Jesus Crosses the Line

Jesus Crosses the Line May 28, 2016

A while back, Morgan Guyton wrote:

If I am following the lead of Paul the apostle of grace who championed the Gentiles, then I’m going to read the Bible with a slant to justify whichever outsider the insiders are defining themselves against in order to legitimate their privilege and power.

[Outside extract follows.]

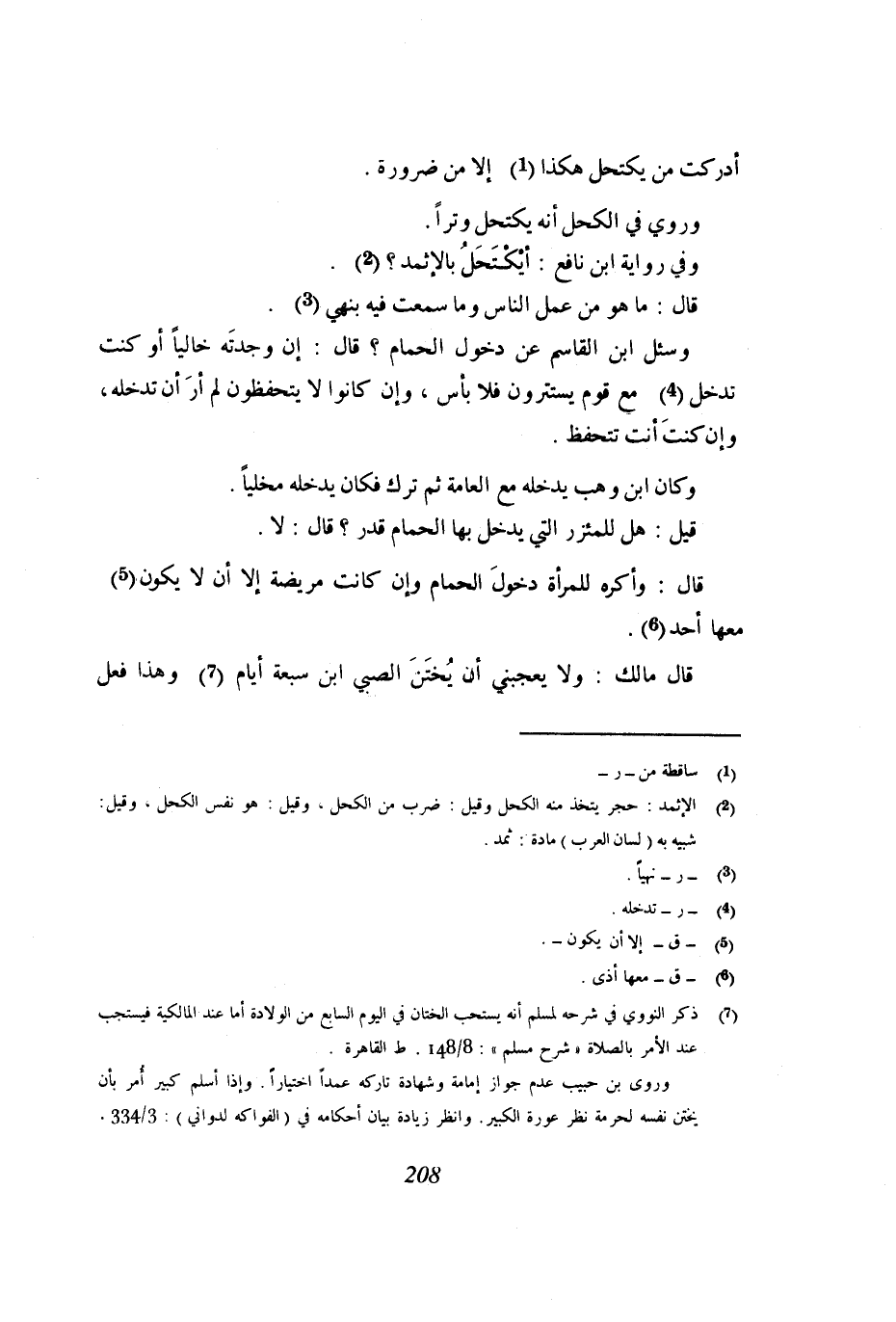 وسئل ابن القاسم عن دخول الحمام؟ قال: إن وجدته خاليًا أو كنت تدخل مع قوم يستترون فلا بأس، وإن كانوا لا يتحفظون لم أرَ أن تدخله، وإن كنت أن تتحفظ.

Paul would have miserably failed his Hebrew exegesis class in seminary if he turned in any of his epistles as a term paper. He interpreted the Bible with a heavily biased and wildly opportunistic methodology defined by the agenda of widening the kingdom of God and creating a radically different means of ordering humanity: the body of Christ. To say “for all are one in Christ” does not solely mean that everyone is “equally” forgiven or “equally” important. It doesn’t just mean that Christians vaguely have a sense of belonging to the same club. It means that the Spirit’s ordering of the body of Christ supplants every us/them binary that we try to use to order our communities. The degree to which we cling to those binaries is the degree to which we have prevented the body of Christ from being fully manifested.

Do you agree with his statement that, if exegesis had been taught in Paul’s time the way that it is today, Paul would have failed his class? Why or why not?

More importantly, is it worth failing the class if necessary, to stand on the side of inclusion?